Let us suppose for simplicity that matrix $A$ has full rank and $m\gt n$. That is all of the columns of $A$ are linearly independent. Then we want to find a set of orthogonal vectors $\left\{\mathbf{v}_1, \mathbf{v}_2,\dots,\mathbf{v}_n\right\}\in\mathbb{R}^n$ and orthogonal vectors $\left\{\mathbf{u}_1, \mathbf{u}_2, \dots, \mathbf{u}_m\right\}\in\mathbb{R}^m$ so that

$$ \begin{align*} A\mathbf{v}_1 &= \sigma_1\mathbf{u}_1 \\ \\ A\mathbf{v}_2 &= \sigma_2\mathbf{u}_2 \\ \\ &\ddots \\ \\ A\mathbf{v}_r &= \sigma_r\mathbf{u}_r \\ \\ A\mathbf{v}_{r+1} &= 0\mathbf{u}_{r+1} = \mathbf{0} \\ \\ &\ddots \\ \\ A\mathbf{v}_n &= 0\mathbf{u}_n = \mathbf{0} \end{align*} $$
Thus

$$ A\begin{bmatrix} \mathbf{v}_1 &\ \mathbf{v}_2 &\ \dots &\ \mathbf{v}_r \end{bmatrix} = \begin{bmatrix} \mathbf{u}_1 &\ \mathbf{u}_2 &\ \dots &\ \mathbf{u}_r \end{bmatrix}\begin{bmatrix} \sigma_1 &\ &\ &\ \\ \ &\ \sigma_2 &\ &\ \\ \ &\ &\ \ddots &\ \\ \ &\ &\ &\ &\ \sigma_r \end{bmatrix} $$
This results in

$$ AV' = U'\Sigma' $$
Here $\Sigma'$ is a $r\times r$ with nonzero singular values along the diagonal. We want to expand this equation to include an orthogonal basis for the null space of $AA^T$. Recall that $N(AA^T) = N(A^T)$. Thus if $\left\{\mathbf{u}_{r+1}, \dots, \mathbf{u}_m\right\}$ is a basis for $N(A^T)$, and we add enough rows of zeros to $\Sigma'$, then we well have our orthogonal matrix

$$ U = \begin{bmatrix} \mathbf{u}_1 &\ \dots &\ \mathbf{u}_r &\ \mathbf{u}_{r+1} &\ \dots &\ \mathbf{u}_m \end{bmatrix} $$
Similarly we expand the equation to include an orthogonal basis for the null space of $A^TA$. As $N(A^TA) = N(A)$, if $\left\{\mathbf{v}_{r+1}, \dots, \mathbf{v}_n\right\}$ is a basis for $N(A)$, and we add enough columns of zeros to $\Sigma'$, then we have our orthogonal matrix

$$ V = \begin{bmatrix} \mathbf{v}_1 &\ \dots &\ \mathbf{v}_r &\ \mathbf{v}_{r+1} &\ \dots &\ \mathbf{v}_n \end{bmatrix} $$
and our equation becomes


$$ AV = U\Sigma $$
where $m\times n$ matrix $\Sigma$ has the added rows and columns of zeros added to $\Sigma'$ for the null spaces of $A$ and $A^T$.

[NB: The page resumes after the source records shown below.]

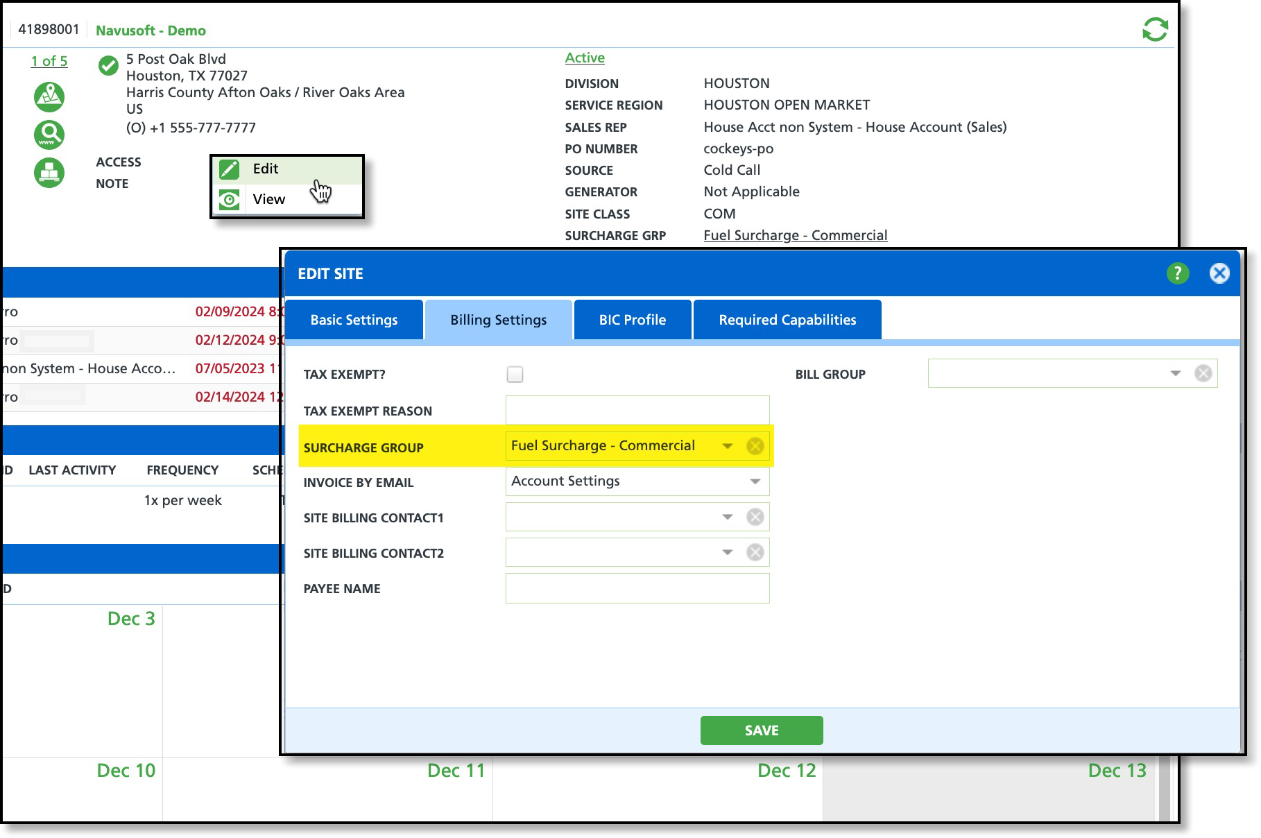 After a surcharge group has been created, it can be applied to a site's billing settings.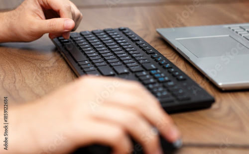Hands Using External Keyboard and Mouse with Laptop, Close-up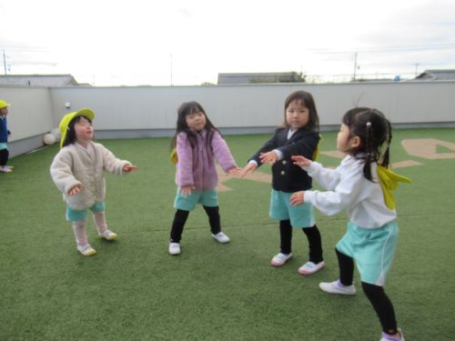 お友だちと仲良く手を繋いで元気よくお歌も歌っています🎵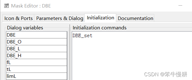 细心的小伙伴可能注意到了,这个初始化脚本DBE_set.m用到了fL、fH等参数,它们也同时出现在上图的左侧,那这些参数从何而来呢?这些参数可以直接来自顶层的初始化(即从Matlab workspace获取),但是,将所有各子系统的参数都统一到最顶层处理并不是一个明智的做法(特别是对于复杂的大系统的开发来说)。事实上,其中个别参数比如说fs2的确是属于系统顶层参数,因此是来自于顶层模型的初始化。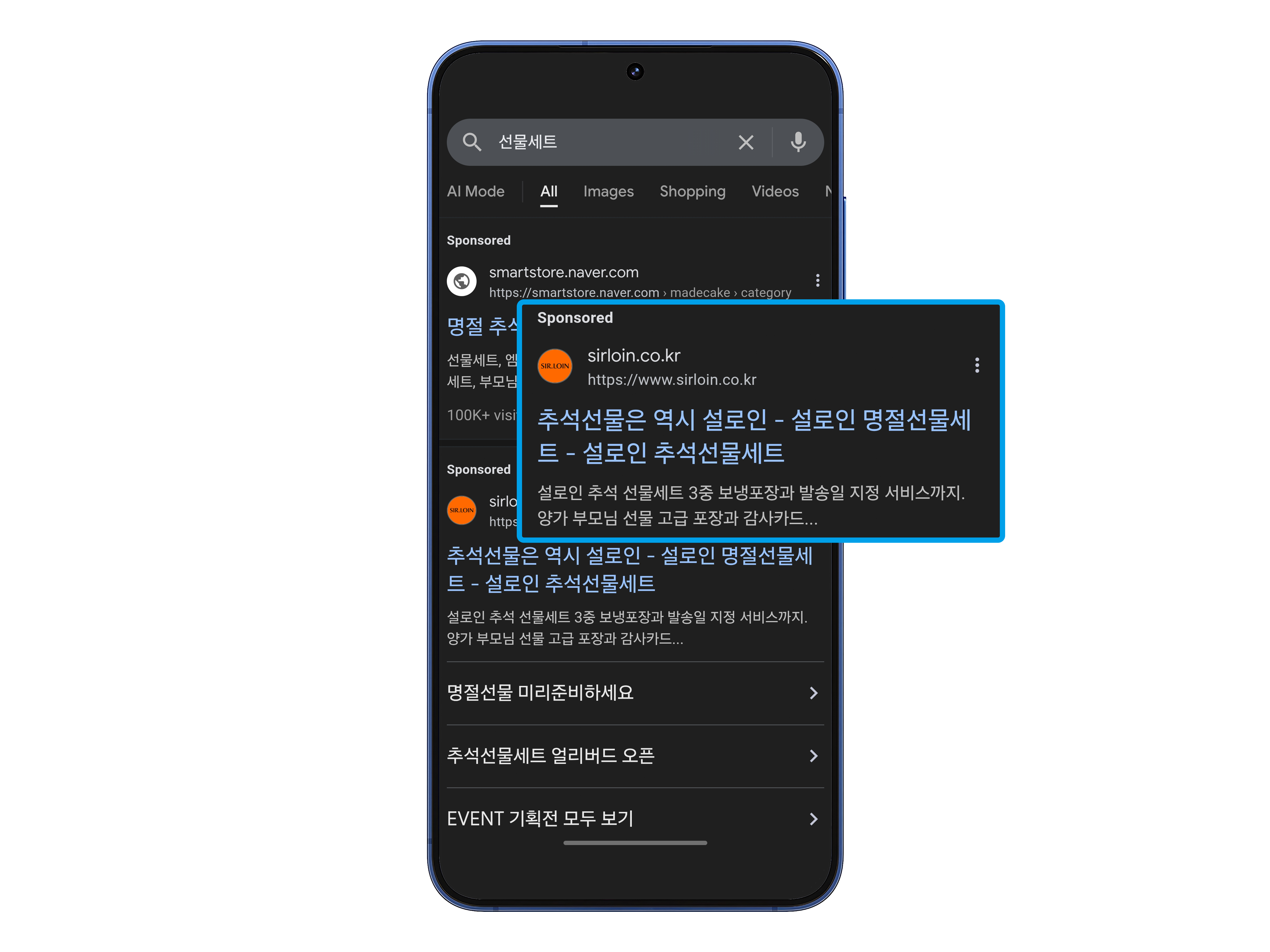 국내외 포털 사이트 내 키워드 검색 시 노출 되는 광고로 포털 사이트 상단에 노출됩니다.

  1. Since the sets of vectors $\left\{\mathbf{u}_1, \dots, \mathbf{u}_r\right\}$ and $\left\{\mathbf{u}_{r+1}, \dots, \mathbf{u}_m\right\}$ are orthonormal bases for orthogonal subspaces of $\mathbb{R}^m$, we have that $\left\{\mathbf{u}_1, \dots, \mathbf{u}_m\right\}$ is an orthonormal set and matrix $U$ is an orthogonal matrix.

  2. Since the sets of vectors $\left\{\mathbf{v}_1, \dots, \mathbf{v}_r\right\}$ and $\left\{\mathbf{v}_{r+1}, \dots, \mathbf{v}_n\right\}$ are orthonormal bases for orthogonal subspaces of $\mathbb{R}^n$, we have that $\left\{\mathbf{v}_1, \dots, \mathbf{v}_n\right\}$ is an orthonormal set and matrix $V$ is an orthogonal matrix.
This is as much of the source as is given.